Working backwards then, 
the gauged WZW action (\ref{SA}) may be rewritten as a coset 
action \cite{gk,kps}
\ben
 S^{G/H}=S^G(\gt)-S^H(h)
\label{SGH}
\een
with
\ben
 \gt=U^{-1}g\ut\in G,\ \ \ \ h=U^{-1}\ut\in H,\ \ \ \ g\in G,\ \ \ \ 
   U,\ut\in H
\label{gth}
\een


Each WZW action in the gauged WZW action $S^{G/H}=S^G(\gt)-S^H(h)$ 
is well defined for the fields $\gt$ and $h$ \cite{gk},
and the associated currents are
\bea
 &&J=-\pa_z\gt\gt^{-1},\ \ \ \ \bar{J}=\gt^{-1}\pa_{\bar{z}}\gt\nn
 &&K=\pa_z hh^{-1},\ \ \ \ \bar{K}=-h^{-1}\pa_{\bar{z}}h
\label{JK}
\eea
$J$ and $K$ are associated with the groups $G$ and 
$H$, respectively, and the sign difference on the currents 
stems from the minus sign in front of $S^H$ in (\ref{SGH}).
The two currents are not independent \cite{kps}, however,  
since there is a first class constraint.
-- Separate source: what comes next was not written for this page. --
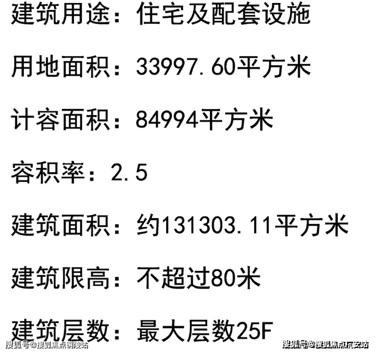 地块用地性质为普通商品房,容积率约2.5,限高80米,住宅套数下限867套,需配建5%以上保障性住房,中小套户型不得低于70%,全装修比例100%!

Recall that the 
Lie algebra embedding is denoted 
$\epsilon:\, {\rm Lie}\,H\rightarrow {\rm Lie}\,G$. 
The components of 
$J$ and $\epsilon(-K)$ in the Lie subalgebra $H\subset G$ are 
clearly related.  
At the quantum level,
the constraint can be expressed as\footnote{For simple 
illustration, we have omitted
the contribution from the ghost fields.}
\ben
 \bra{\psi^{\prime}}tr\{
\epsilon(t_H)\left(J+\epsilon(K)\right)\}\ket{\psi}=0 
\label{JKc}
\een
Here $\bra{\psi},\bra{\psi^\prime}$ are ghost-free states and $t_H$ 
is any element of the Lie algebra  
of $H$.  
In terms of $J$ and $K$, the conformal stress-tensor
is $T=\frac{1}{2k+c_{G}}:tr_G(JJ):-\frac{1}{2k_{H}+c_{H}}:tr_H(KK):$.
$c_G$ and $c_H$ are the eigenvalues of the quadratic Casimir operators 
in the adjoint representation of $G$ and $H$, respectively. 
Exploiting the constraint, we have $\bra{\psi^{\prime}}T(z)\ket{\psi}=
\bra{\psi^{\prime}}T^G(z)-T^H(z)\ket{\psi}$
with $T^G=\frac{1}{2k+c_{G}}:tr_G(JJ):$ and 
$T^H=\frac{1}{2k+c_{\epsilon(H)}}
:tr_G\{\epsilon(K)\epsilon(K)\}:$. 
This is a field-theoretic version of the GKO stress-tensor, 
confirming that the current $K$ is related to
the current of the Kac-Moody subalgebra via the constraint \cite{kps}.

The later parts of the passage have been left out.